I am a digital marketer. I love social media and use it for business and personally. I love that I can stay connected to old friends and continually make new ones, even if only on a social media platforms. For business, social media, when used correctly, can expand our reach without limitations of geography. It can, and I believe does, help us build a better world and foster communication which leads to tolerance and acceptance of our differences.
What social media does not do is give us that connection with another person that happens through talking. Hearing a voice is so much more powerful. Yes, we use Skype, Zoom and other platforms to speak and see the other person. I think that’s fantastic even if it does take away from just listening to someone’s voice over the phone. The telephone is an amazing invention. I remember getting my own Princess phone as a teenager, pink I think it was.
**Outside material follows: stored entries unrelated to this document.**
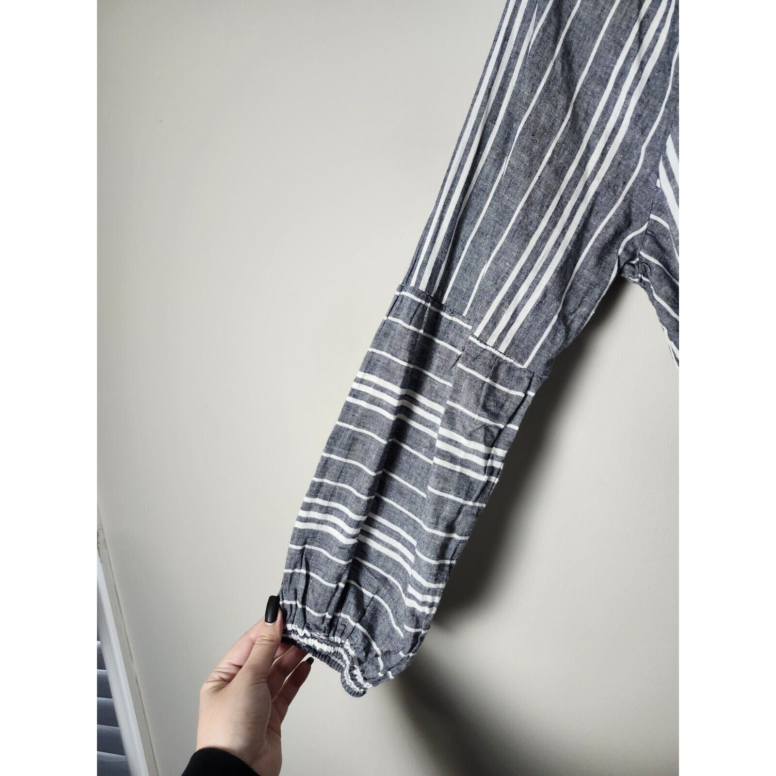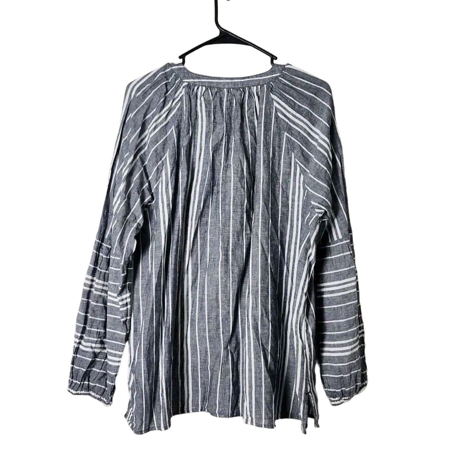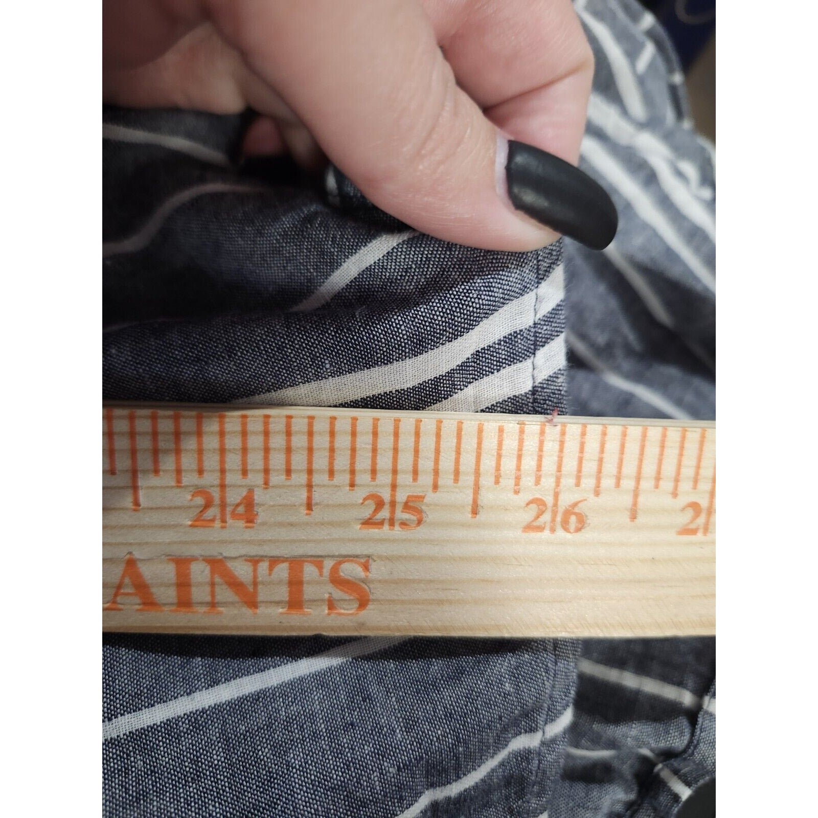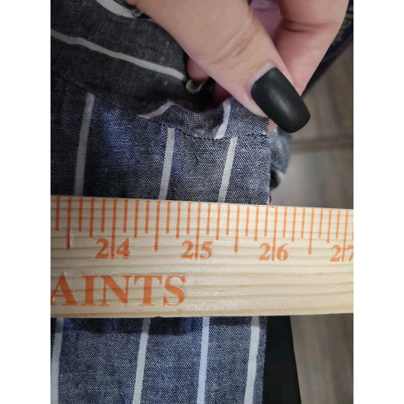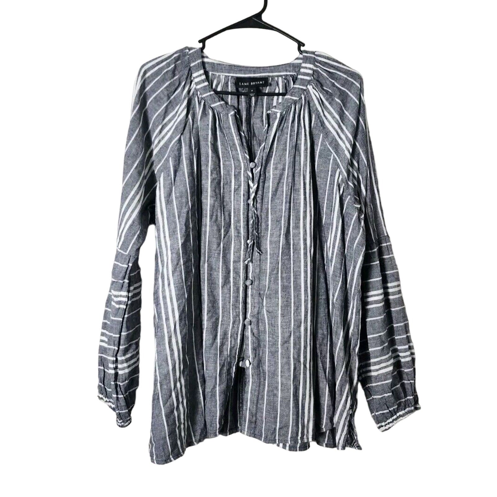 Lane Bryant Shirt Blouse Plus Size 16 Blue Striped Long Sleeve Button Up Linen
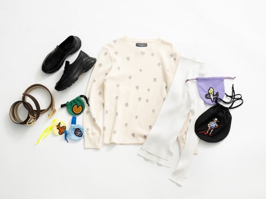 (左) aLORS /Belt (左上) TOD’S / Leather Sneaker (左下) LUDLOW / Pouch (中央) RH Vintage / Waffle Sumire Long Sleeve Tee (中央右) AURALEE for Ron Herman / Long Sleeve Rib Knit
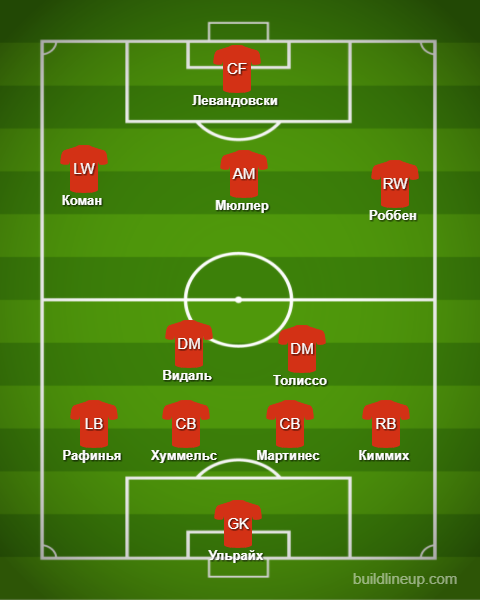 Бавария будет без Франка Рибери после того, как он получил травму в своем последнем матче с Гертой, Коман выйдет на место француза. Давид Алаба также не сможет принять частия в матче из-за травмы голеностопа, Рафинья закроет левый фланг. Можно ожидать старую-добрую схему 4-2-3-1.
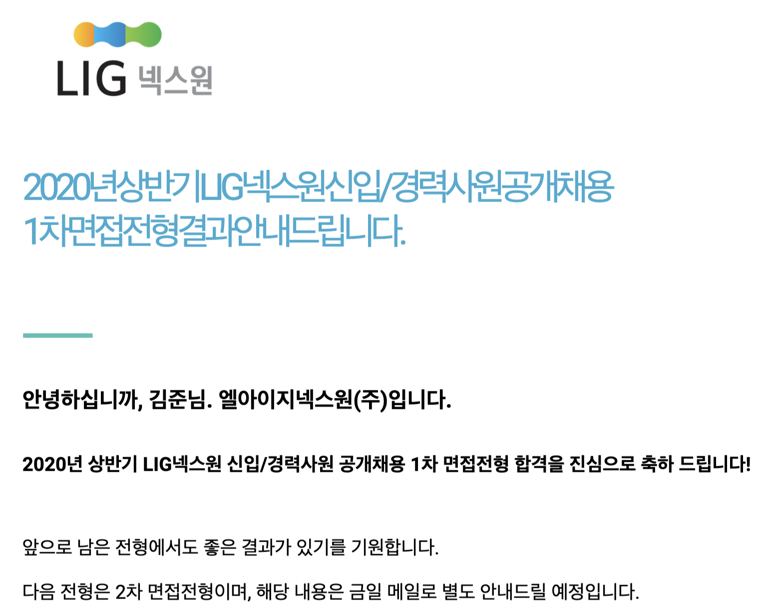 그렇게 침착하게 기다리고 1차면접의 결과가 나왔다.
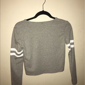 *WORN ONCE* not too short but fairly cropped. gray with whote strips on sleeves.
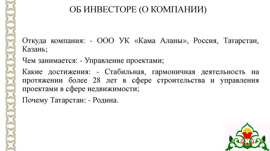 ОБ ИНВЕСТОРЕ (О КОМПАНИИ)Откуда компания: - ООО УК «Кама Аланы», Россия, Татарстан,
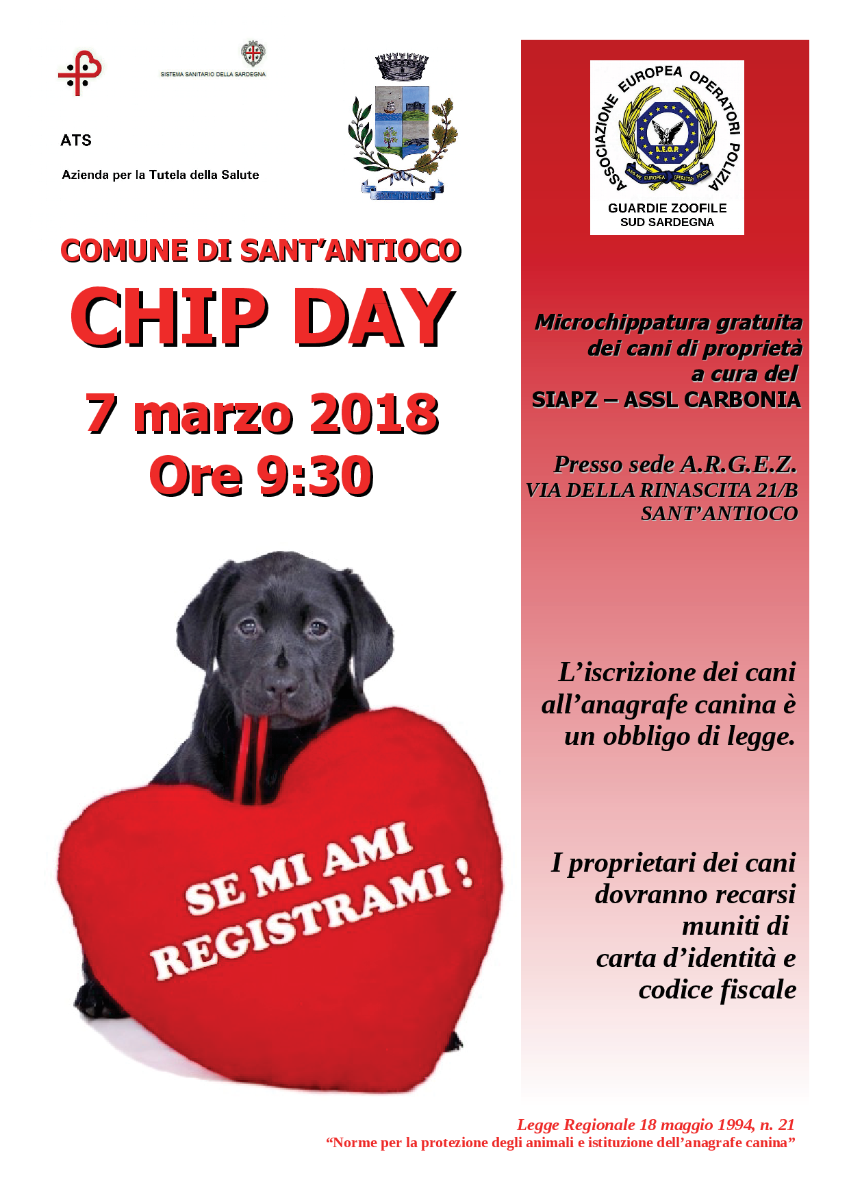 Domani, mercoledì 7 marzo, a partire dalle 9.30, a Sant’Antioco è prevista una giornata di microchippatura gratuita per i cani di proprietà. Le attività di “Chip Day” si svolgeranno presso la sede A.R.G.E.Z. di via Della Rinascita, 21/B, e sono a cura del SIAPZ (Servizio di Igiene degli Allevamenti e delle Produzioni Zootecniche) ASSL Carbonia, in collaborazione con l’Associazione Europea Operatori Polizia – Guardie Zoofile Sud Sardegna e il comune di Sant’Antioco. I proprietari dei cani che vorranno usufruire del servizio dovranno recarsi presso la sede A.R.G.E.Z. muniti di carta di identità e codice fiscale. L’iscrizione dei cani all’anagrafe canina è un obbligo di legge.
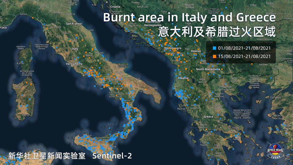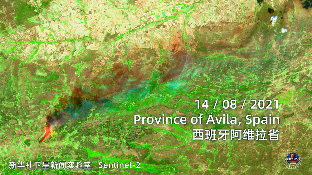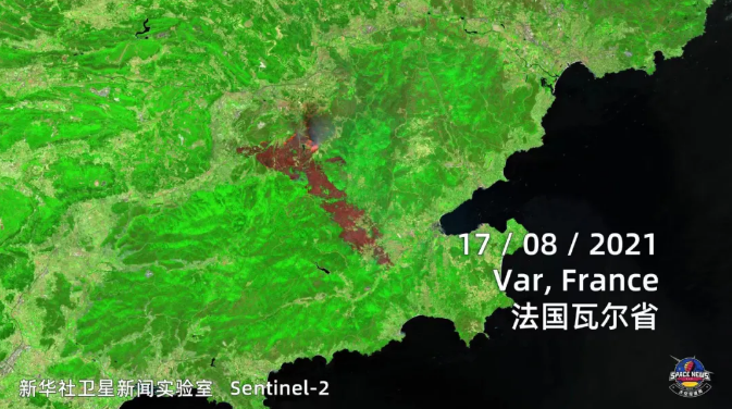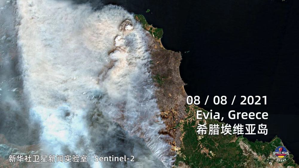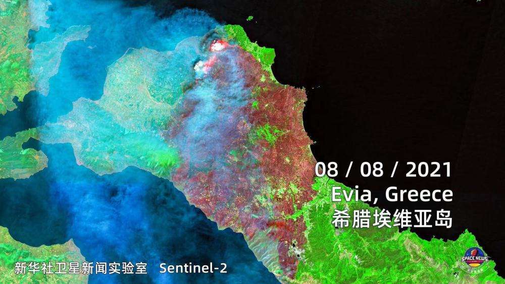 新华社通过卫星观察到欧洲的山火走势,隔着屏幕都能感受到滚滚热浪扑面而来。
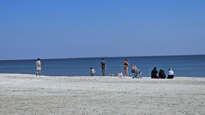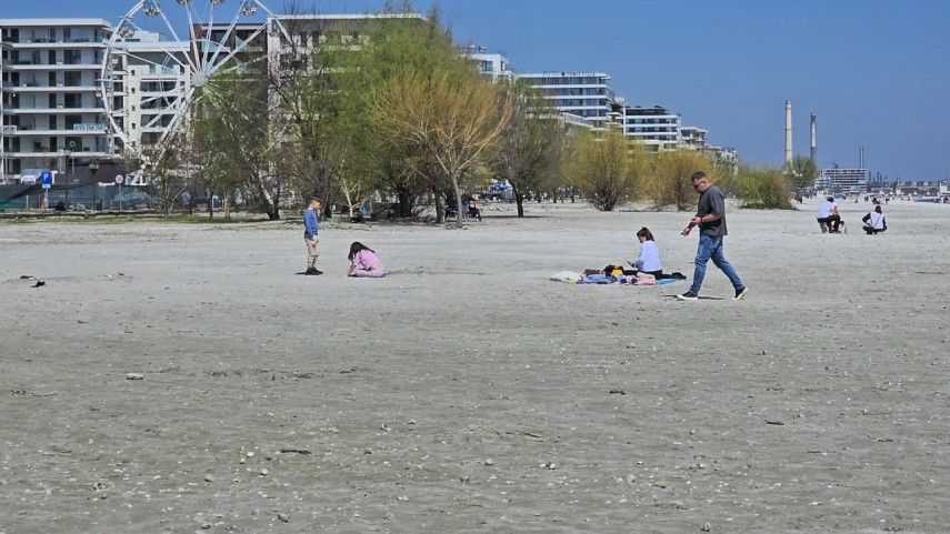 FOTO+VIDEO Vremea frumoasă i-a scos pe turiști și constănțeni pe plajă la Modern și Năvodari. Curajoșii au încercat și o baie în mare
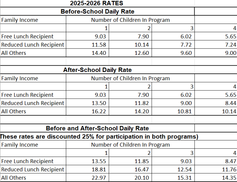 Registration will begin on August 4, 2025 at 9AM. Applications are approved on a first come first serve. You must register for the Before and After Care every year.
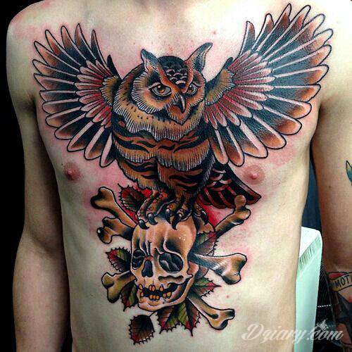 Tatuaże z sową symbolizują cierpliwość, wiedzę i inteligencję. Nie są, jakby mogło się wydawać, statyczne i wyłącznie melancholijne. Sowa szczególnie ciekawie wygląda na ramionach. Odpowiednio zarysowana, podkreśla charakterystyczną budowę szczególnie męskiego ciała.
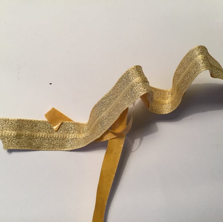 This listing is for a roll of gold trim. The ribbon is 1.3cm wide. It has two wired edges and a peel off, self adhesive backing. I’m not quite sure what the intended use of this is, as I was given it. I might try using some to decorate greetings cards.
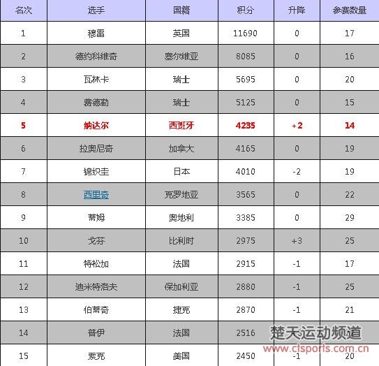 2017蒙特卡洛大师赛结束之后,最新一期的ATP世界排名出炉,蒙特卡洛十冠王纳达尔连升两位排名世界第五,爆冷击败德约科维奇的比利时名将戈芬,连升三位重返世界前十。蒙特卡洛赛亚军拉莫斯上升5位排名世界第十九。
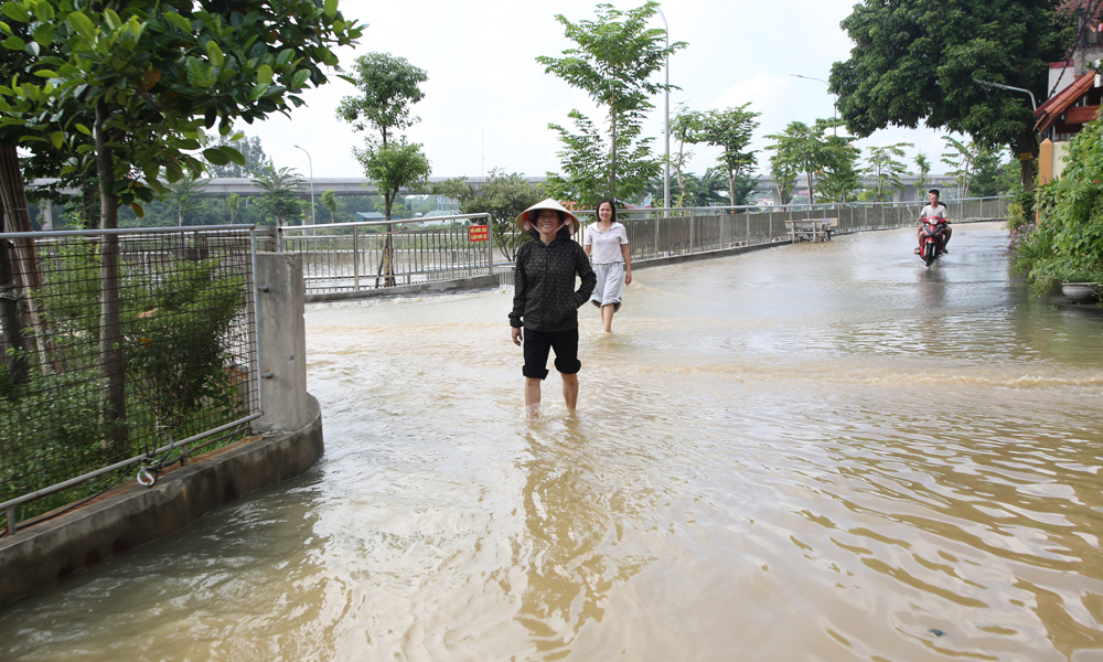 Nước trên sông Cầu đã rút nhưng khu phố Quả Cảm, phường Kinh Bắc vẫn ngập sâu, người dân đi lại khó khăn.
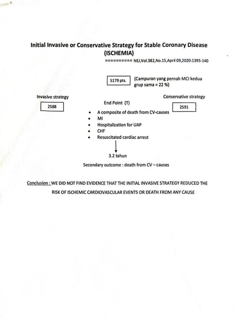Dari hasil ini, penelitian ISCEMIA menyimpulkan bahwa untuk pasien dengan penyakit jantung koroner stabil, strategi pengobatan medis konservatif dapat menjadi pilihan yang cukup efektif dan tidak memerlukan prosedur invasif seperti angioplasti atau pemasangan stent, yang sering kali dilakukan untuk mengurangi gejala. Pengobatan medis yang optimal (dengan obat-obatan yang sesuai) dapat memberikan hasil yang setara dalam mencegah kejadian jantung serius tanpa memerlukan intervensi invasif yang lebih mahal dan berisiko.
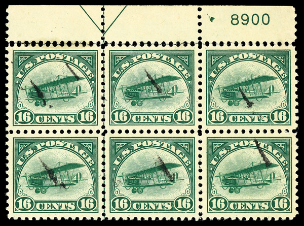 6754 Obl C2 imageAirmail, 1918, 16¢ green (Scott C2), top margin plate block of 6 with plate number F 8900, exceptionally rare as a complete used plate block; large perf separation between selvage and top stamps, Fine to Very Fine. (Image) Suggested Bid $300
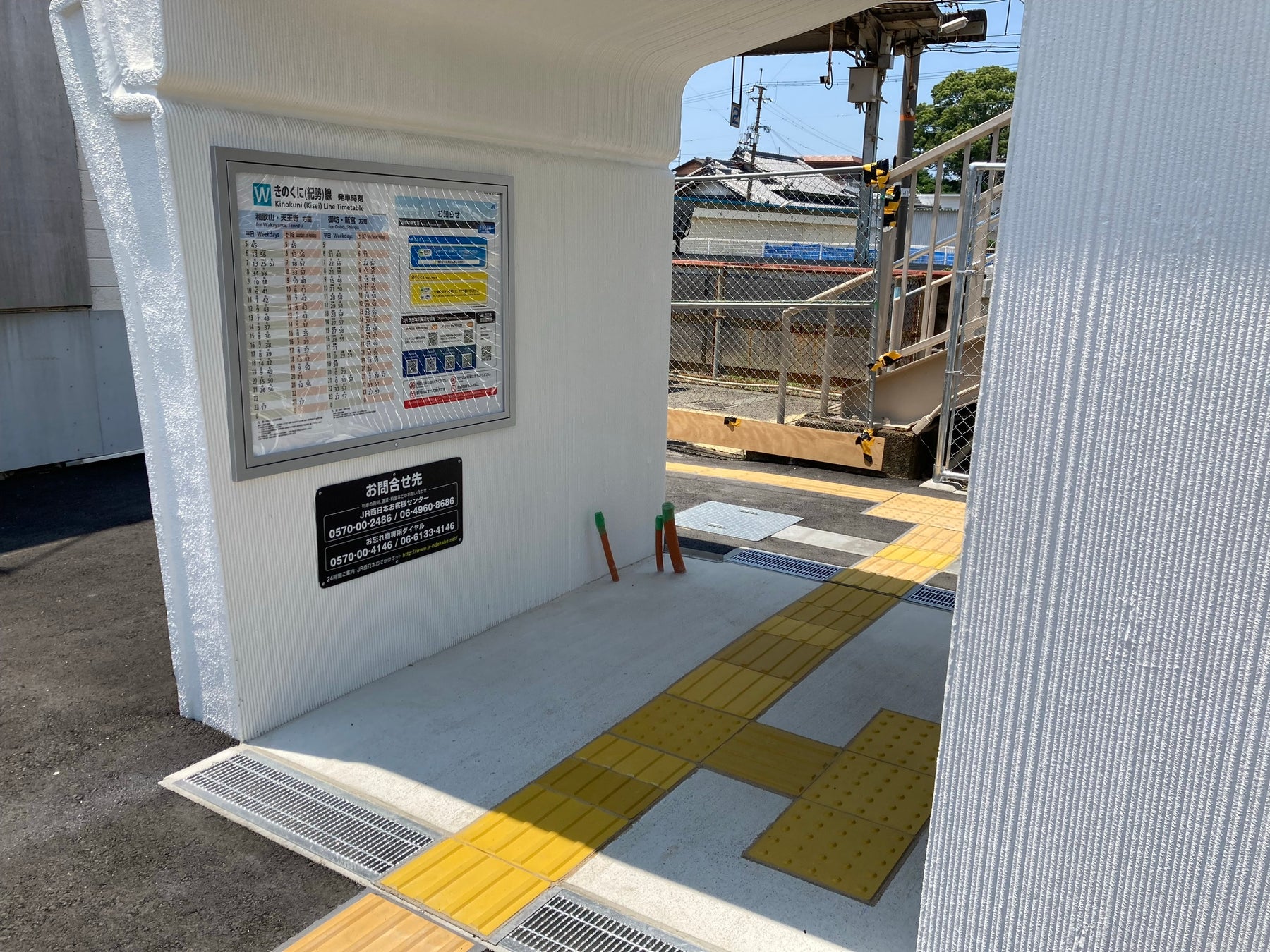 世界初※の建設用3Dプリンターを活用して建設された駅舎になります。壁面には「みかん」と「たちうお」をモチーフにした装飾が施されています。1

Long long hours on the phone with friends and boyfriends. When we see the person on our camera that does make it more like being in the room with them. We look at their face, their clothes, their surroundings and do not focus as much on their voice and their words.
For so many of us in business, talking on the phone has become a burden, something to avoid at all costs. Robocalls, constant sales calls for this and that makes the phone a burden as opposed to a means to really LISTEN to someone. We let it all go to voice mail and then we often don’t check our voice mail. Focusing all our attention on someone’s unique voice and what they are saying to us requires us to Stop doing ten other things and Focus. I like it.
I am now excited to see my calendar each day, look that person up on LinkedIn (where the appointments are coming from) and then just focus on our chat. Listening, learning and sharing with someone new. I have even gone so far as to call an old friend instead of Facebooking or texting. Hearing their voice is awesome. They are usually surprised and very pleased that I called versus some other silent form of communication.
Talk is not cheap, it takes our time and our focus. It is valuable and part of the bonds we form with people. The adage “talk is cheap” obviously refers to saying something versus doing it, honoring your word. I would say now, texting and email are cheap. Speaking to someone is personal, persuasive and in this day, becoming all too rare.